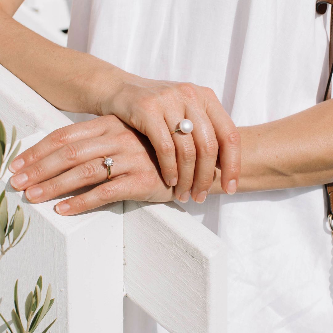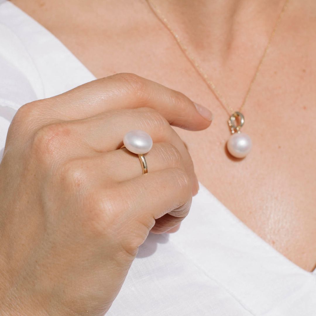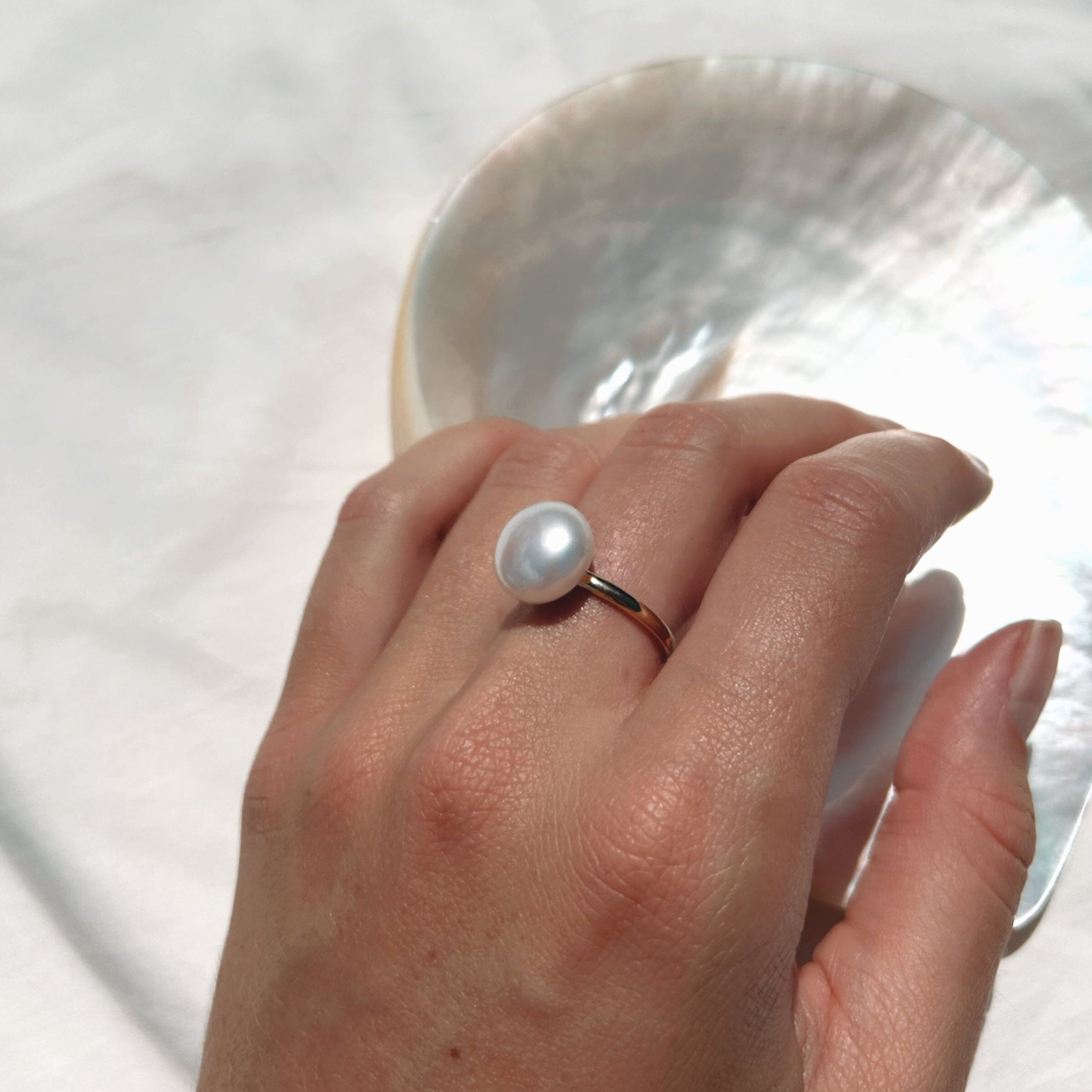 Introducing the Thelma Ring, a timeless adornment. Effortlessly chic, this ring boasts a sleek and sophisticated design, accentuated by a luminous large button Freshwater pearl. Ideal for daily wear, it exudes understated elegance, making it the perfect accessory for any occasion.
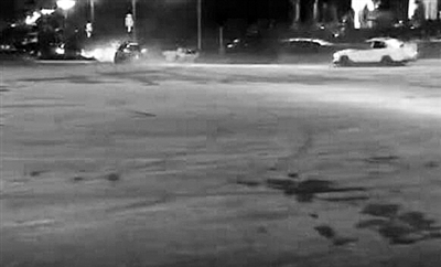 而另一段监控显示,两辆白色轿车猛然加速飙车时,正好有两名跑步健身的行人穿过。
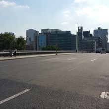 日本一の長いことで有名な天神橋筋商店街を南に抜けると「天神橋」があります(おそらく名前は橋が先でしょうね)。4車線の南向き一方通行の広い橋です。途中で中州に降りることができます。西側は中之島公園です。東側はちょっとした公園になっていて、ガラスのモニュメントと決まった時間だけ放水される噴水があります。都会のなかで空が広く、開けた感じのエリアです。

•••

Go through the material above and retype every line exactly, without the images.

 Introducing the Thelma Ring, a timeless adornment. Effortlessly chic, this ring boasts a sleek and sophisticated design, accentuated by a luminous large button Freshwater pearl. Ideal for daily wear, it exudes understated elegance, making it the perfect accessory for any occasion.
 而另一段监控显示,两辆白色轿车猛然加速飙车时,正好有两名跑步健身的行人穿过。
 日本一の長いことで有名な天神橋筋商店街を南に抜けると「天神橋」があります(おそらく名前は橋が先でしょうね)。4車線の南向き一方通行の広い橋です。途中で中州に降りることができます。西側は中之島公園です。東側はちょっとした公園になっていて、ガラスのモニュメントと決まった時間だけ放水される噴水があります。都会のなかで空が広く、開けた感じのエリアです。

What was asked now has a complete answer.